Crypto debit cards are considered a bridge between the world of cryptocurrencies and the traditional financial system. They allow Bitcoin, Ethereum and other digital currencies to be used as normal means of payment – at supermarket checkouts, in online shops or even at ATMs. But it is precisely this everyday usability that makes them a growing problem for law enforcement agencies. The police are currently warning of an increased risk of money laundering through these cards – with far-reaching consequences for financial supervision and the fight against organised crime.

How do crypto debit cards work?

At their core, crypto debit cards work similarly to prepaid cards: the user loads the card with cryptocurrency, which is converted into fiat money – such as euros or dollars – in real time when paying. Merchants and service providers receive their payments as they would with any other debit card. The conversion is handled by the providers who issued the cards, who usually work closely with the Visa or Mastercard networks.
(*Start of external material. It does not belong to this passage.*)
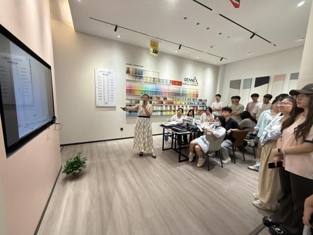 抵达千里红家居广场后,学生们首先来到本杰明涂料展厅。本杰明涂料的企业负责人热情接待了师生一行,并对其品牌历史、产品特色、核心技术及市场应用进行了详细介绍。展厅内丰富多样的涂料产品与精美的涂装样板,生动展现了本杰明涂料在色彩调配、环保性能与装饰效果上的卓越品质。学生们一边聆听讲解,一边仔细观察不同涂料的质感与色彩,积极提出问题,与企业人员展开深入交流,对涂料行业的发展趋势与创新技术有了更直观的认识。

For consumers, this service is convenient, straightforward and can be used globally.

An invitation for criminals

However, it is precisely this structure that makes crypto debit cards extremely attractive to criminals. Unlike traditional banking products, many of these cards are subject to little or no regulatory control, especially if the provider is based abroad. According to the police, supervisory authorities in many countries are hardly in a position to verify the identity of cardholders or trace the origin of the cryptocurrencies loaded onto the cards. If the card is applied for under a false name and loaded with anonymously transferred coins, it is almost impossible to trace. Rolf van Wegberg, lecturer in cybercrime at Delft University of Technology, emphasises that cryptocurrencies have long been an integral part of criminal infrastructure – for example, in ransomware attacks, drug trafficking and illegal gambling.

Crypto debit cards significantly expand this scope of action, as they make digital funds transferable into the real economy – without banks, merchants or authorities being able to intervene.

Fragmented oversight and global challenges

A key problem lies in the fragmented global oversight. Crypto card providers often operate across multiple countries, are subject to different national legal systems and deliberately exploit regulatory grey areas. According to money laundering expert Prof. Joras Ferwerda, many card providers do not carry out the required identity checks (KYC) adequately or at all. This opens the door to shell companies, straw men and fake identities – and makes the work of international investigators considerably more difficult.

Another problem is the payment networks themselves. Card providers that cooperate with Visa or Mastercard benefit from the trust and reach of these systems – often without card users or merchants knowing how poorly regulated the underlying structures really are. Although Visa and Mastercard emphasise that they do not tolerate illegal activities and check providers without proper identity checks, the effectiveness of these measures remains questionable.

Call for more responsibility in the payment network

Both Ferwerda and van Wegberg are therefore calling for greater shared responsibility on the part of the major payment networks. If cards bear the Visa or Mastercard logo, it must also be ensured that these products cannot be misused. The trust that these brands inspire should not be undermined by uncontrolled third-party providers.

This also increases pressure on regulators worldwide: they must develop cross-border standards to ensure that crypto debit cards no longer serve as a loophole for money laundering. Without international cooperation, uniform KYC/AML guidelines and clear responsibilities, there is a risk that a digital shadow banking system will emerge.

An underestimated risk with real consequences

Crypto debit cards are a prime example of how quickly technological innovations can become vulnerabilities in the financial system. The combination of digital anonymity and global acceptance makes them a serious risk – both to the integrity of payment transactions and to internal security.

The police warning should therefore not be seen as an isolated incident, but as a signal that the regulation of the digital financial market must keep pace with technological developments. This is the only way to prevent modern means of payment from becoming tools of organised crime.